Ручной Привод - Панов Вадим Юрьевич. Страница 6
– Придумай что-нибудь другое, – предложил молодой человек.
– Придется с кем-нибудь переспать.
– Правильно, – одобрил Олег. – Так надежнее.
– Так ты врал, что ревнуешь!
– Ревную, – признал молодой человек. – Но сейчас мы не о развлечениях говорим, а о бизнесе. А это совсем другое дело.
– Бестолочь!
Они любили подкалывать друг друга подобным образом, шутили, смеялись, но никогда не говорили в открытую, что сейчас – по крайней мере сейчас! – за этими словами ничего нет и быть не может. Сейчас они смотрели только друг на друга. И им это нравилось.
Олег поцеловал девушку в щеку и тихо сказал:
– Не жалеешь, что отказалась от предложения НТВ?
– Быть светским репортером? Нет, не для меня.
– Опыта набралась бы. Нужные знакомства завела.
– Нужно сразу штурмовать серьезные крепости, Олег.
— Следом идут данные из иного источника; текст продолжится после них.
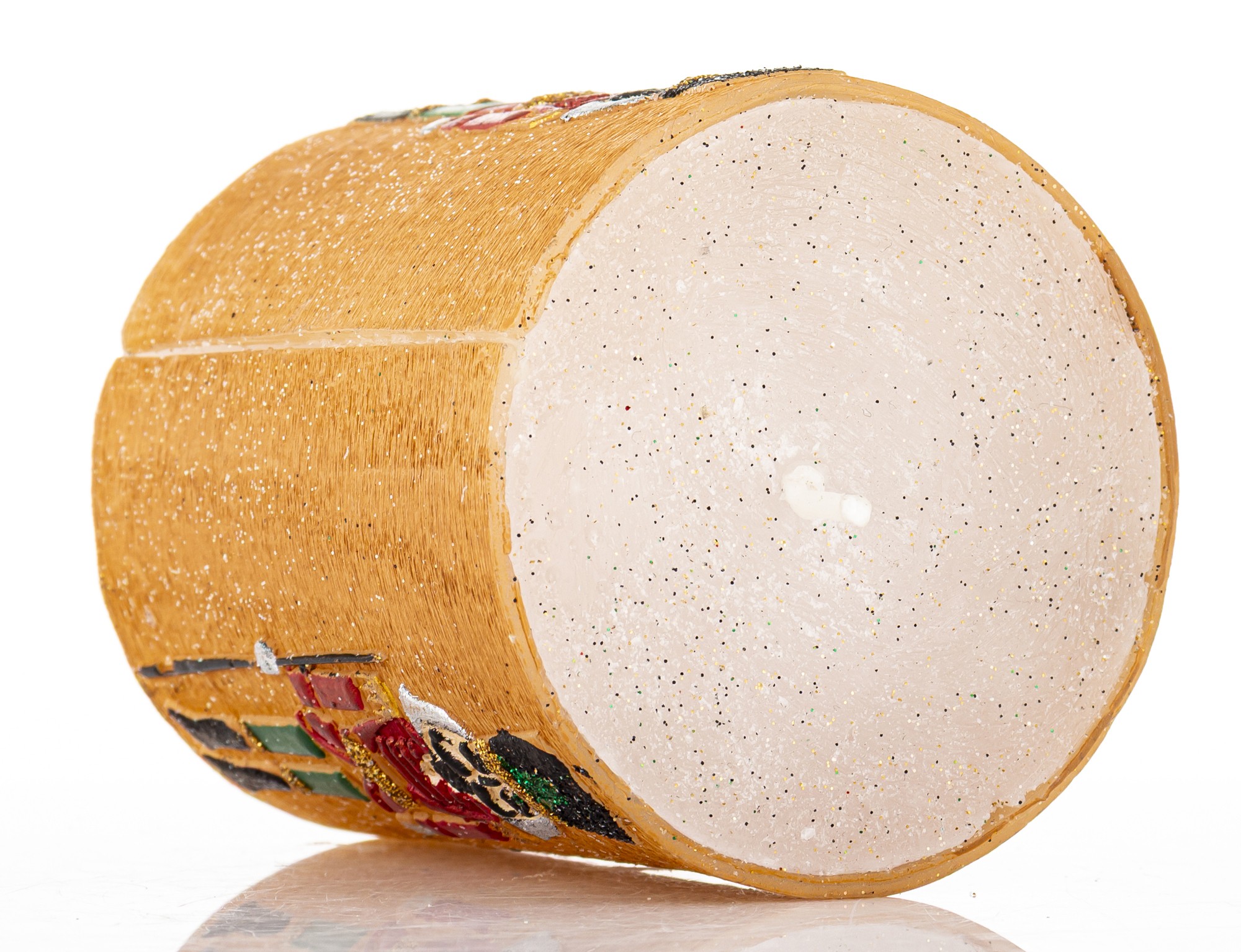 Świeca DZIADEK to hołd dla tradycji i świątecznej elegancji. Wykonana z wysokiej jakości parafiny, w formie małego walca, ozdobiona została trójwymiarowym wizerunkiem klasycznego dziadka do orzechów – w czerwono-zielonym mundurze, z czarnym wysokim kapeluszem, białymi włosami i złotymi detalami. Całość utrzymana jest w ciepłej, brązowej tonacji, która dodaje kompozycji głębi i szlachetności.

С хорошим материалом.
– Честно говоря, эти возвращения не кажутся мне серьезной темой.
Юля упрямо выпятила нижнюю губу:
– Посмотрим.
Фургон «Шевроле» с орегонскими номерами, цельнометаллический, темного цвета – словно взятый напрокат из дешевого голливудского боевика, – стоял у тротуара, напротив дверей навсегда закрытой прачечной. Двигатель машины тихонько урчал на холостом ходу, выплевывая тоненькую струйку выхлопа, однако свет был выключен, а «дворники», несмотря на довольно сильный дождь, не работали. И даже те двое, на передних сиденьях, переговаривались тихим шепотом, словно опасаясь привлечь к себе лишнее внимание прохожих.
– Погода как испортилась, а? Прямо на глазах, – пробормотал водитель. – А ведь еще утром жара дикая стояла.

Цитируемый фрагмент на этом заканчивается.